The project team determined that load shedding strategies are well-defined for industrial
applications but there are no methodologies for the rail environment, where the loads are not as
steady as industrial plants. No explicit strategy that directly applied to locomotives was found.
All load shedding approaches from other industry either automatically shut down systems to
reduce electrical demand quickly or requires personnel to shut down systems manually if a rapid
response is not needed. However, all the approaches discussed can be adapted for use in a
passenger rail environment.
As part of the project, passenger train operation simulations were conducted to determine the
length of time the locomotive operated at peak horsepower throttle over selected routes. For
low-powered equipment, it was determined that a locomotive could operate continuously in
notch 8 for as long as 10 consecutive minutes.
A finite element model of a typical bi-level passenger coach was analyzed under worst-case
cooling and heating conditions to determine the maximum length of time the HVAC system
could be deactivated and maintain the interior air temperature within the comfort bounds
(72–76 °F summer; 68–72 °F winter) of the Passenger Rail Investment and Improvement Act
(PRIIA) of 2008 passenger rail car specifications. The PRIIA established the Next Generation
Equipment Committee and tasked it with developing procurement specifications for standardized
next-generation intercity corridor equipment.
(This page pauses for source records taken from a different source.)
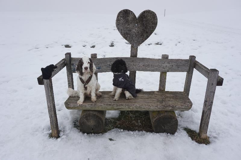 Und dann ginge es los: Von Münchwilen sind wir nach Bettwiesen, dann nach Maugwil und weiter nach Wil spaziert. Laut Planung sollten wir die Strecke in zweieinhalb Stunden geschafft haben. Allerdings haben und die verschneiten und vor allem vereisten Wege das ganze verlangsamt (zumindest für die Zweibeiner). Cookie und ich hatten keine Mühe. Herrchen und Frauchen sind beim Hügel-Aufwärts-Spazieren immer wieder einen halben Schritt zurück gerutscht…
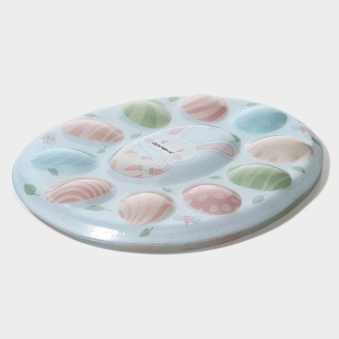 Подставка стеклянная для яиц Доляна «Зайка», 24×20,6 см, 10 ячеек, цвет голубой
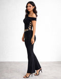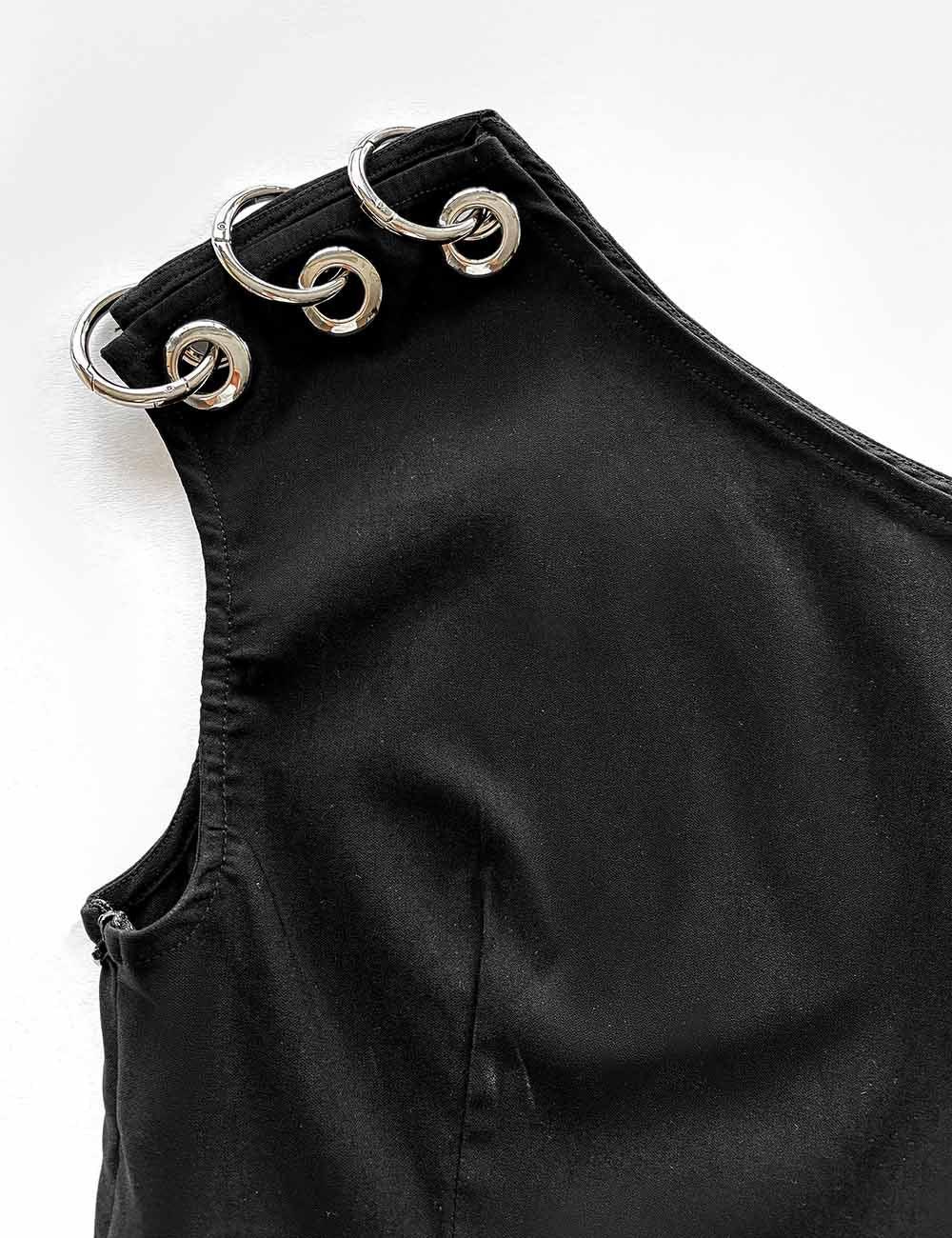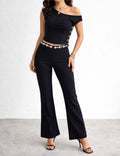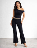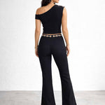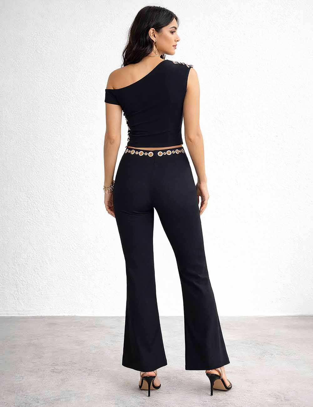Ladies Chic Metal Eyelet One Shoulder Top & Pants Matching Set
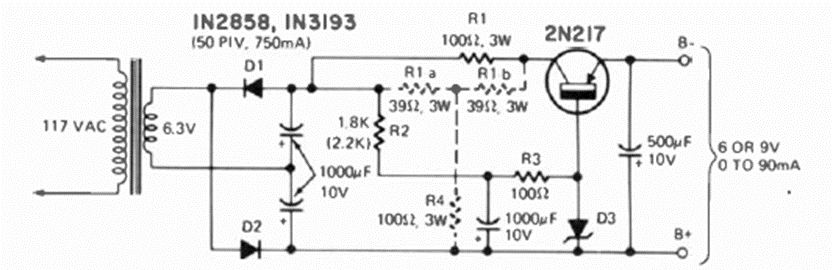 This 1-transistor circuit for currents up to 50 mA was found in the August 1974 Radio Electronics magazine. The transformer is 50 to 200 mA.
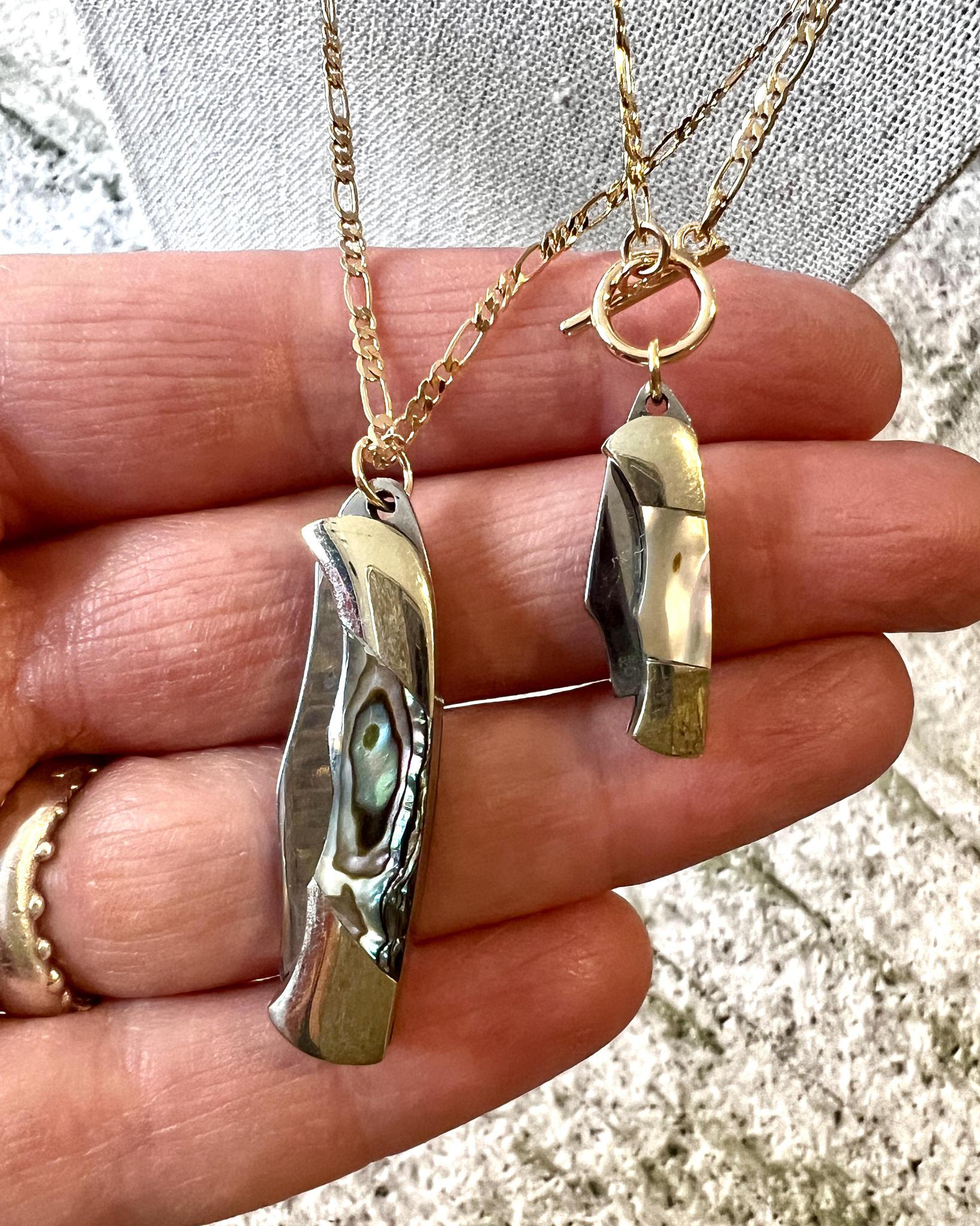 1979 Jewelry Knife Necklace 1.5 inch Multi Colored Abalone - 14kt GF chain
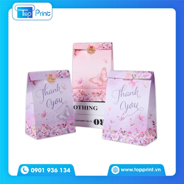 Tại Topprint, chúng tôi cung cấp dịch vụ in ấn túi giấy "Thank You" chất lượng cao, giúp thương hiệu của bạn thể hiện sự trân trọng và tạo ấn tượng mạnh mẽ với khách hàng.
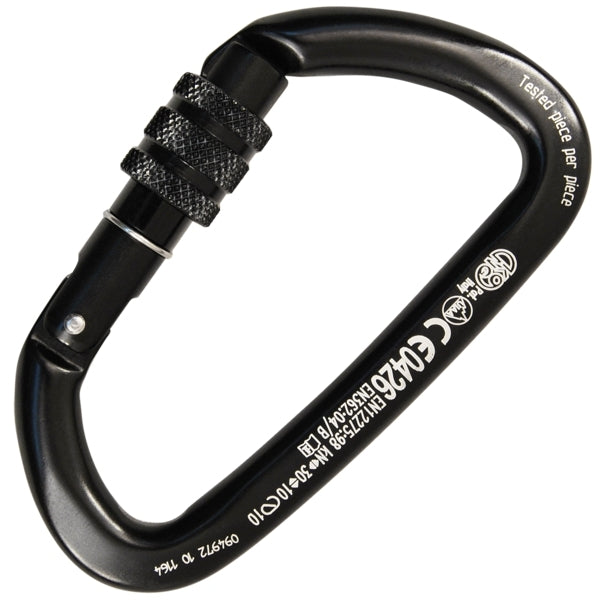 Aluminum carabiner light and high load, with screw sleeve and Keylock system. The D shape transfers the majority of the load on the main axis of the carabiner, which is the most resistant. The asymmetric shape is also ideal for belay systems. The screw sleeve allows to have a safer closing of the gate, and also makes it suitable for professional use. Usefull for use during bolt belay.Key Features:- Heavy load- Keylock System- High quality product completely developed and manufactured in Italy- Tested piece by piece
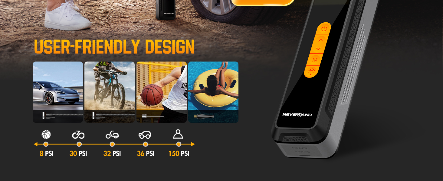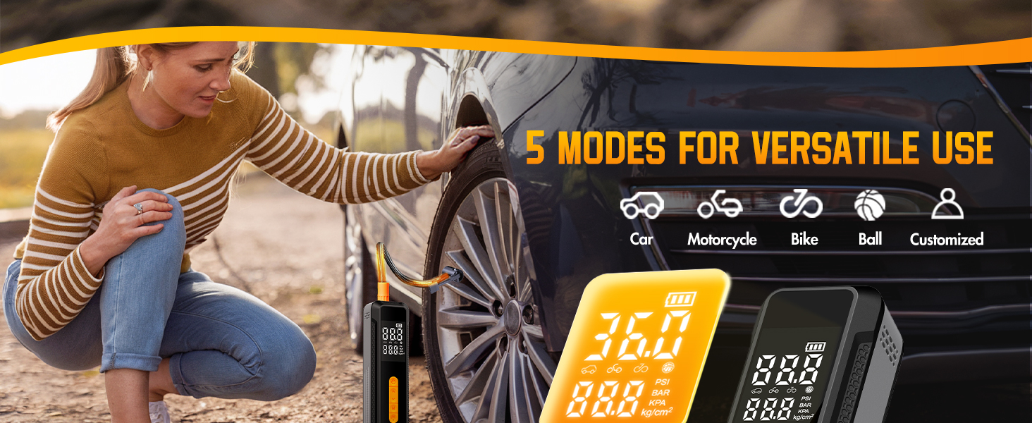 A4: NEVERLAND tire inflator portable air compressor comes with different nozzles. When inflating different objects, you can choose the corresponding nozzle and mode for inflation.
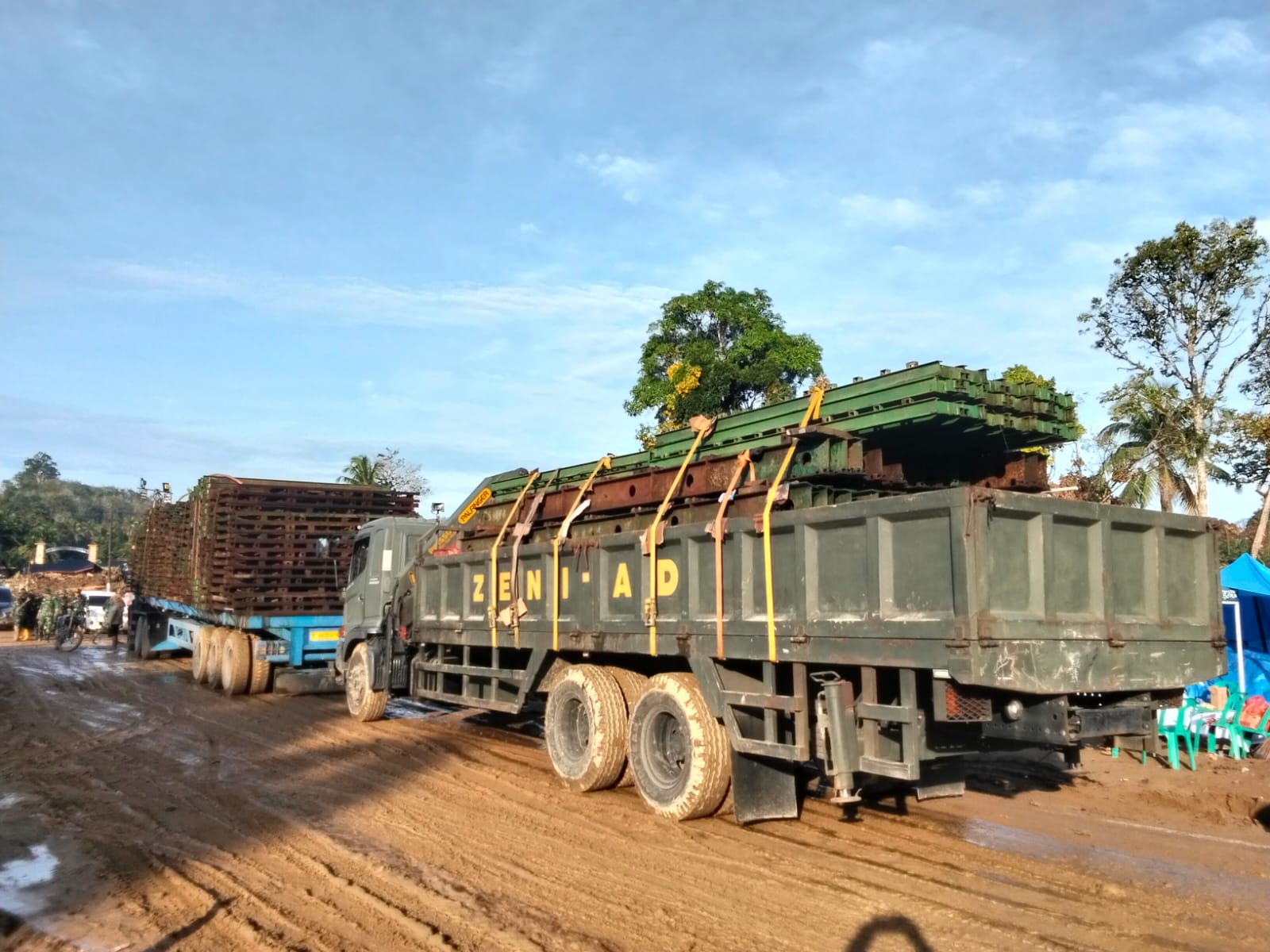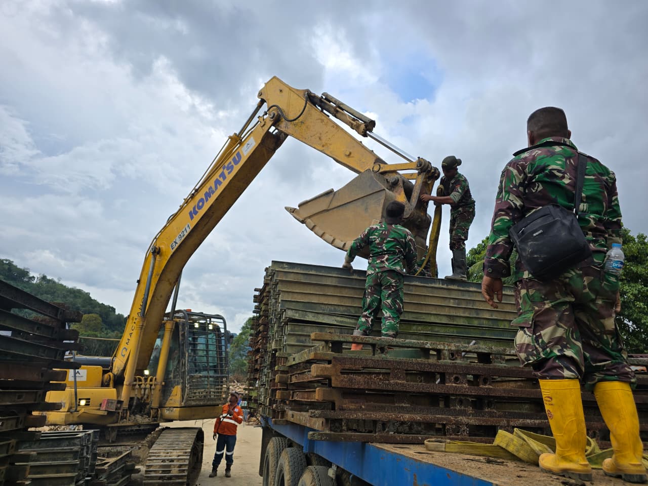 Upaya pemulihan dilakukan dengan mengerahkan personel Yonzipur I/DD serta dukungan alat berat berupa crane dan excavator untuk menata komponen jembatan darurat di lokasi. Pemasangan dikebut mengingat jalur tersebut menjadi akses vital bagi warga dua kabupaten.

The specifications for passenger comfort were used
as the benchmark for this effort. It was found that under worst-case conditions of extreme
exterior temperature the comfort bounds were exceeded after only 3 minutes with the HVAC
deactivated. However, this case is extreme and under typical weather conditions, the HVAC may
be shut-off for longer duration.
Next, an evaluation of the results of the train operation simulation, combined with thermal
analyses of a sample passenger car with the HVAC system occurred to surmise whether the
interior air temperature could be held within PRIIA comfort bounds during peak traction periods.
A brief economic analysis showed that there can be significant capital savings accrued by
avoiding installation of a separate HEP engine in a passenger locomotive. However, some of
these savings are offset by the additional control equipment required on the locomotive to
implement load shedding and maintain communication with the passenger coaches. In addition,
there are associated capital cost requirements on each passenger coach.
Finally, the team reviewed barriers to implementing passenger locomotive load shedding.
Equipment on both the locomotive and on the passenger coaches must be modified to implement
load shedding, while engineers must be trained appropriately and communication with
passengers must be established to make load shedding a successful strategy.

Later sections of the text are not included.